Task data:
..........
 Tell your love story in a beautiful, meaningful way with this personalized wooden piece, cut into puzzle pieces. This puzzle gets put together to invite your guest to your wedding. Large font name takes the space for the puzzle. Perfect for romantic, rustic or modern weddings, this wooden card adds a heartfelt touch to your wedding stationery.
..........
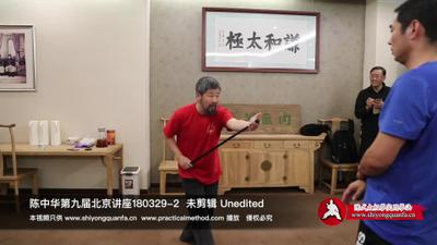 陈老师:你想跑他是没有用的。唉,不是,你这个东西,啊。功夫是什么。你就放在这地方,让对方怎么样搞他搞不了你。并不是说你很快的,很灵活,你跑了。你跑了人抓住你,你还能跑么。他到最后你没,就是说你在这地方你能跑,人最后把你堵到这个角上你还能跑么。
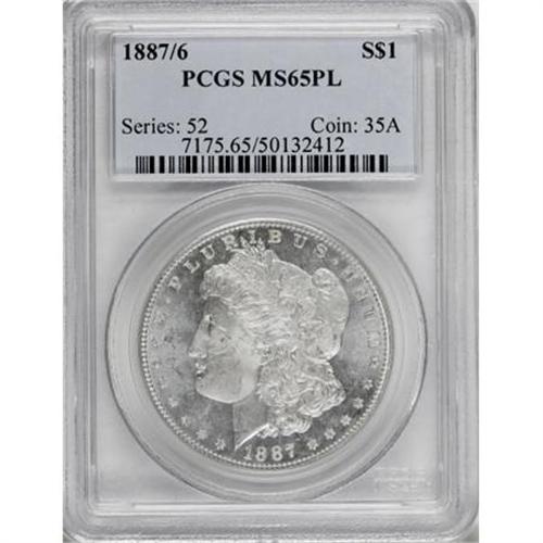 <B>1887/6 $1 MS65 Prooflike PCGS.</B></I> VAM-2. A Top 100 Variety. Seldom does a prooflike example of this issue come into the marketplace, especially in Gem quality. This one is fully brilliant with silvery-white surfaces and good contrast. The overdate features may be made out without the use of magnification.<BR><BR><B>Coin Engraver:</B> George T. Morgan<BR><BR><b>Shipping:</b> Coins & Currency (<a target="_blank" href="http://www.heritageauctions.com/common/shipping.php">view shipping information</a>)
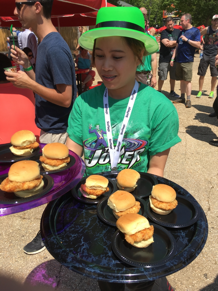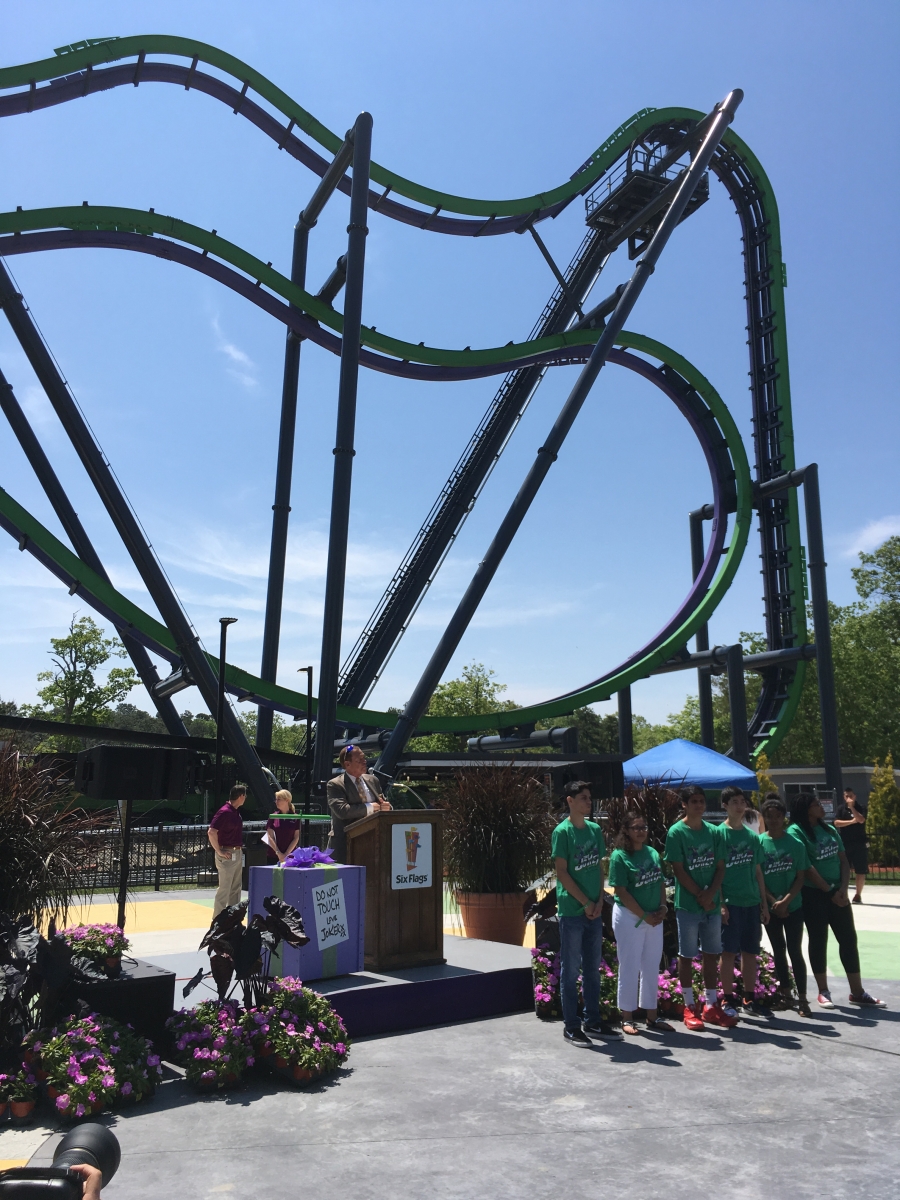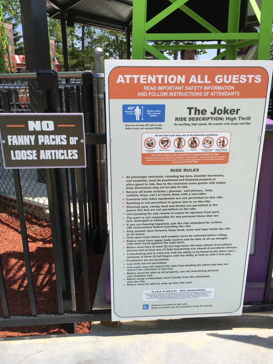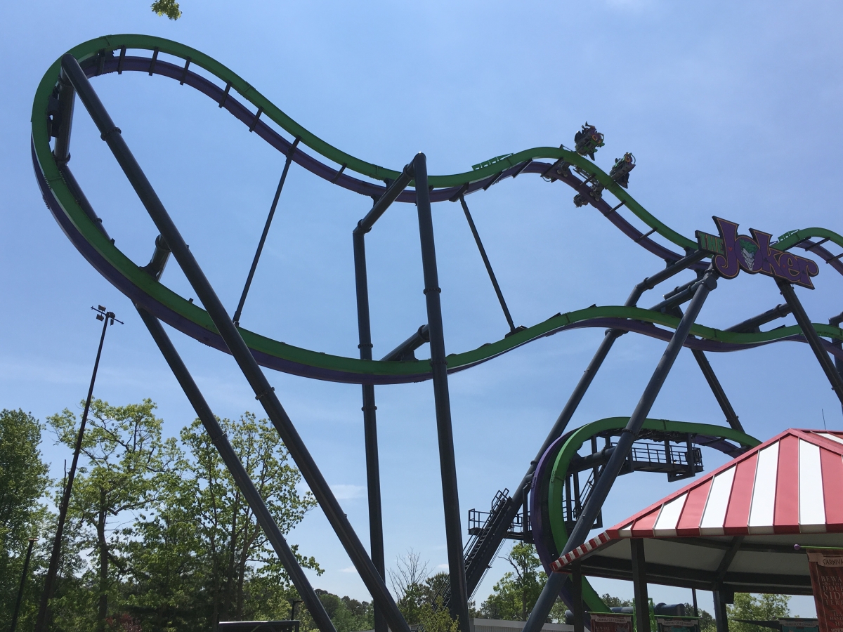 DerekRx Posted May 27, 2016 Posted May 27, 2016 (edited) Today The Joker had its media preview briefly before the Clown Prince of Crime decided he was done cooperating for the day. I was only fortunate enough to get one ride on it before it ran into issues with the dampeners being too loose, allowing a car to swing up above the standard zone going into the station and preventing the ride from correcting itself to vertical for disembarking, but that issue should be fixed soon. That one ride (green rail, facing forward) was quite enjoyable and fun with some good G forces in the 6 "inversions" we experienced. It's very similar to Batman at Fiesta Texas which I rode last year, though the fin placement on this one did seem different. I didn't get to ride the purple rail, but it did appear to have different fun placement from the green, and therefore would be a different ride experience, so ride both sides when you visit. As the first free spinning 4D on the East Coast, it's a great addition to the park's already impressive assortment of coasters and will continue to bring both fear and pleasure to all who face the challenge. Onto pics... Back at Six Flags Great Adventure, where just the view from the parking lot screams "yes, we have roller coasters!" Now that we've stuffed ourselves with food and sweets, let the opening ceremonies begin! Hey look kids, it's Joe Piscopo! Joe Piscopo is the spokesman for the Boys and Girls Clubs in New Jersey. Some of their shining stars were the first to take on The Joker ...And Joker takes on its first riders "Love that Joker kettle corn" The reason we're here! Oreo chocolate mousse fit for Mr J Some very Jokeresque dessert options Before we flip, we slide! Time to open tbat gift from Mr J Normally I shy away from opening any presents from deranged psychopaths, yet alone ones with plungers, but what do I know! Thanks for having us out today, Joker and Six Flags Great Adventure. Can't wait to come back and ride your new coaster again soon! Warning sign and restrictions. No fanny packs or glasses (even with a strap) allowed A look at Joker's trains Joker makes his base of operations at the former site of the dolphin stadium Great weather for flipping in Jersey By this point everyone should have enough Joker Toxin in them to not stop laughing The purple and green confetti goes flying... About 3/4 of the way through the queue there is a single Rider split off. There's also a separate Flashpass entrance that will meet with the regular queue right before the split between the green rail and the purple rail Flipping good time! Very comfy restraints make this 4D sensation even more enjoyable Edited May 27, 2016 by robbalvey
..........
Prompt: Within these entries, output exactly the lines starting at the one with "陈老师:你想跑他是没有用的。" and finishing at the one with "<B>1887/6 $1 MS65". Leave pictures out of the output.

Answer below:
 陈老师:你想跑他是没有用的。唉,不是,你这个东西,啊。功夫是什么。你就放在这地方,让对方怎么样搞他搞不了你。并不是说你很快的,很灵活,你跑了。你跑了人抓住你,你还能跑么。他到最后你没,就是说你在这地方你能跑,人最后把你堵到这个角上你还能跑么。
 <B>1887/6 $1 MS65 Prooflike PCGS.</B></I> VAM-2. A Top 100 Variety. Seldom does a prooflike example of this issue come into the marketplace, especially in Gem quality. This one is fully brilliant with silvery-white surfaces and good contrast. The overdate features may be made out without the use of magnification.<BR><BR><B>Coin Engraver:</B> George T. Morgan<BR><BR><b>Shipping:</b> Coins & Currency (<a target="_blank" href="http://www.heritageauctions.com/common/shipping.php">view shipping information</a>)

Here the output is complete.